Common Types of Anti-Virus Software

The most common types of anti-virus software are designed to run on a single computer or smart phone. They search for malware to prevent it from doing damage and remove it. Microsoft Windows includes Microsoft's Windows Defender anti-virus software, and other software is available from companies such as Symantec, McAfee and Malwarebytes.

Many anti-virus vendors make versions of their products for various common operating systems, including Microsoft Windows, Apple macOS, Linux and the smart phone operating systems Android and iOS. Some free anti-virus software is available, some is available for a single purchase, and some is available on a subscription basis with updates to handle new types of viruses and malware as they appear.


Differing Approaches to Anti-Virus Software

Traditionally, anti-virus software uses what are called malware signatures, which are digital fingerprints of malicious software, to detect and disable unwanted programs before they can do damage. This approach works well at eliminating known viruses, but it has limitations when handling new attacks from previously unknown malware because anti-virus developers haven't incorporated the virus signatures into their products.
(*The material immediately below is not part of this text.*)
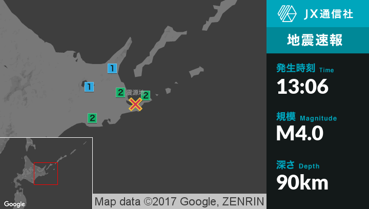 | 震度2 | 浜中町, 標茶町, 別海町, 根室市 |

Other types of anti-virus software attempt to monitor software and computers for unusual behavior, such as sudden bursts of data usage, attempts to access wide swaths of files on a hard drive or connections to unfamiliar sites. Some newer types also use machine learning techniques to determine what looks like normal behavior on a computer or network and limit activities by programs or computers that are acting strangely. Some of this security software is designed to run across an entire commercial network rather than running independently on separate devices.


Anti-virus software is commonly included in email services, where it scans message attachments for suspicious files. Email is a common way for viruses to spread from computer to computer. Anti-virus software is also available for corporate firewall computers, where it can detect suspicious code attempting to either enter or exit the network, ideally before it does harm.